Monday, August 26, 2013

Road Trip Review 8/18 - 8/24

Week 6! WHEW!

Sunday : (yes, these numbers are REAL!!) 13.50miles
Monday : (this one, too!) 15.75miles
Tuesday : 3.07miles
Wednesday : 4.93miles
Thursday : 10.12miles
Friday : 3.5miles
Saturday : 1.92miles

Total : 52.79miles
Goal : 24.50miles
Difference: +28.29miles!!

Now, to explain the outrageous numbers for Sunday, Monday, and Thursday... I went to the gym like normal Sunday morning, but my normal zumba class was full. So, I had two options... hit the free weights/treadmill/etc, but without music because I expected to be in a class... OR take a spin class that was happening in the other room. I chose the spin class. And boy am I hooked!!

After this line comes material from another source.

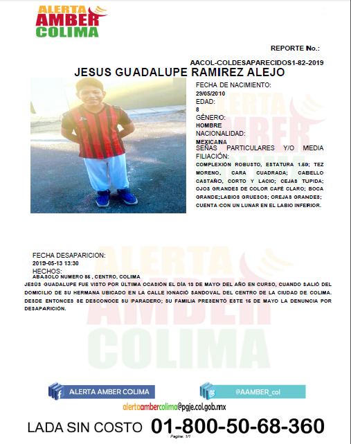 Colima, México, Avanzada (16/05/2019).- Activan Alerta Amber para localizar a Jesús Guadalupe Ramírez Alejo, el menor tiene 8 años d edad y desapareció el 13 de...
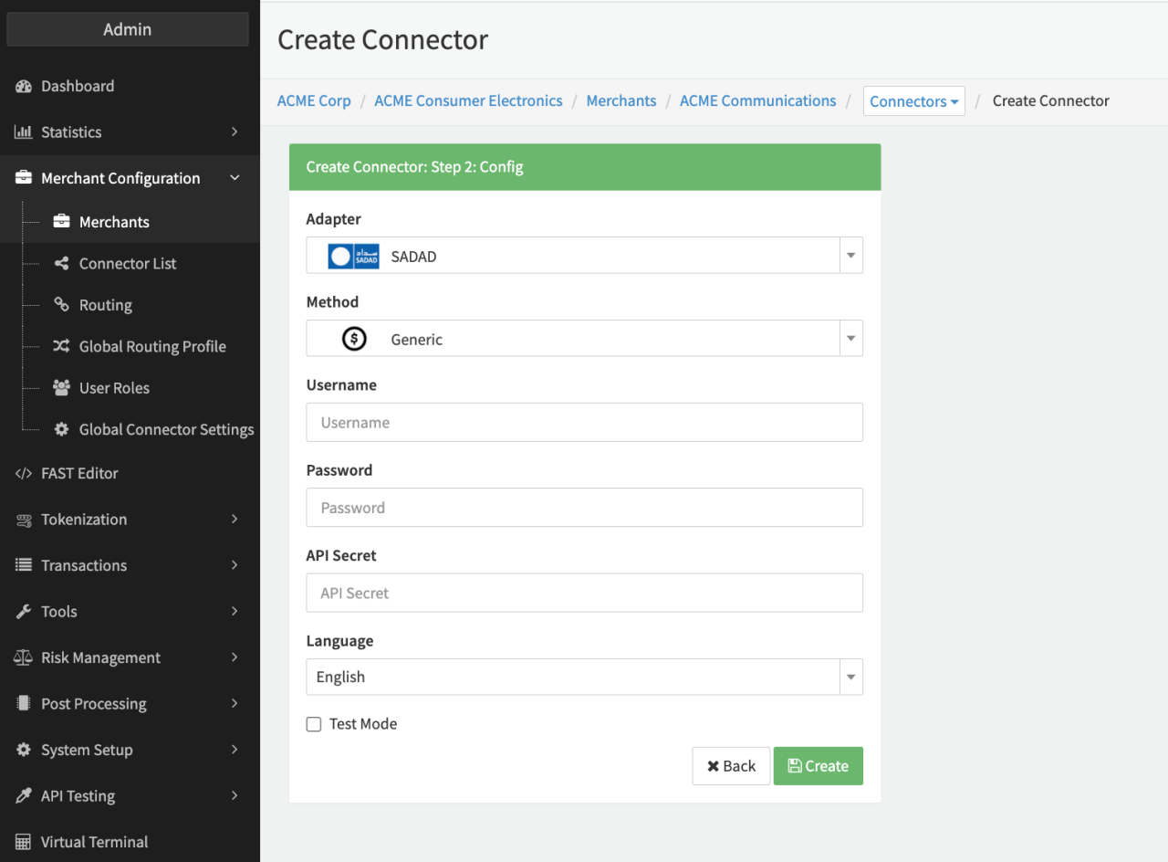 Configure the following parameters for the Connector (see Connector Config - SADAD):

It hurts, don't get me wrong. The racing seats are designed for Olive Oyl, not a fat-bottomed girl like myself, but I felt the BURN through my legs and abs too! So, those numbers are actually the numbers from the bicycle according to how far I pedaled.

YAY!

But, my knees hated me for it. So, I will only be taking one spin class a week from now on, if I even take one. No, it's not because I think it gives me an unfair advantage, but my knees can't handle too much stress put on them.

So, let's look back:

Week 1 : -6.27mi
Week 2 : -4.00mi
Week 3 : -3.64mi
Week 4 : +7.00mi
Week 5 : -1.54mi
Week 6 : +28.29mi

Total so far: 166.34mi
Goal so far: 147.00mi
Difference: +19.34miles!

And where am I now?!?!?

I'm past half-way through the state! I can almost smell the
peaches from here! (Georgia is known for its peaches..)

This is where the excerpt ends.